Figure 3: Median time (seconds per character) that participants spent generating each character of the password each day.

Figure 4 shows the average number of tries for participants in order to successfully login. Our result shows that, although the gaps between logins doubles over time, the accuracy of typing the correct password for both mindhashes remains high over time (it requires less than 1.3 attempts to successfully login). This is consistent with the self-rehearsable property of the password schemes.

Figure 4: Average number of tries for participants to login successfully for each day. Error bars represent one standard error.

As the participants type their passwords over time (follow-ups), we expect the secret key to be self-rehearsed and therefore users to click on the secret key hint button less frequently.

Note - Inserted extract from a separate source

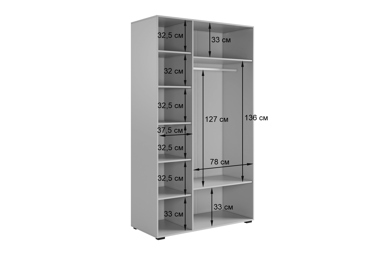 Шкаф имеет удобное наполнение: слева расположены полки для хранения вещей, а справа - штанга для вешалок. Это позволяет рационально использовать пространство и разместить различные типы одежды.
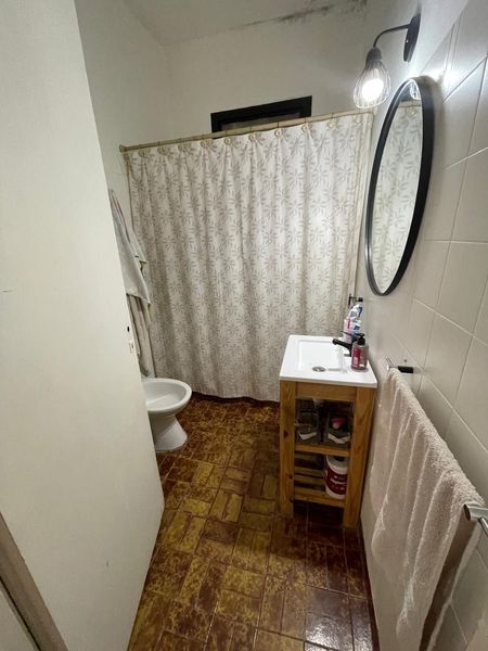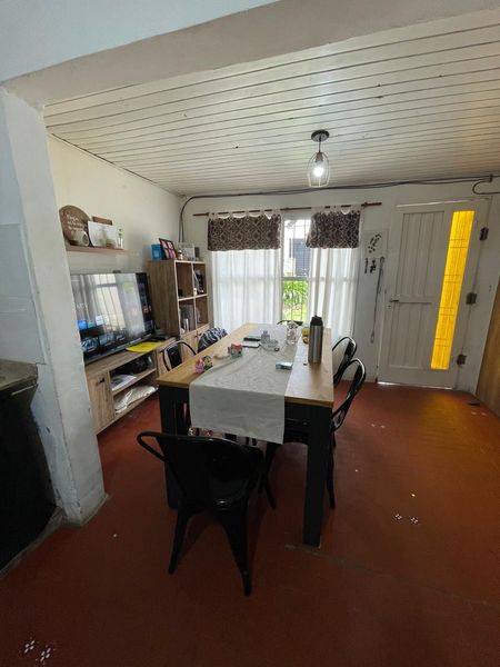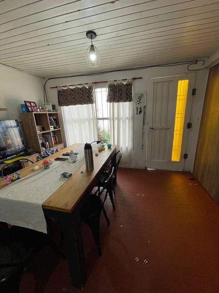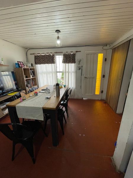 La casa cuenta con un jardín al frente, Al ingresar, se encuentra el comedor, seguido de la cocina. La propiedad tiene dos habitaciones, una con ventana al patio delantero y otra con ventana al patio trasero. También cuenta con dos baños. En el patio trasero grande. Tiene un pequeño galpón para guardar cosas y un garaje cubierto. La casa es práctica y funcional, ideal para aquellos que buscan un espacio cómodo y bien distribuido.

Figure 5 shows the fraction of users that used the secret key reminder hint button for maximum one login.

Figure 5: Fraction of participants that did not click on the hint button during logins and the fraction of participants that used the hint button for maximum one login.

Table 3 shows these results, specifically for the last follow-up. It can be seen that, for 3-word hash 42% of the participants are successfully typing passwords without the help of the hint buttons. For random-letter hash, the number is smaller, 25%, but still comprises a meaningful fraction of users. Note that users were told that there was no penalty for using the hints, hence the actual use of such aids in practice would be expected to be lower.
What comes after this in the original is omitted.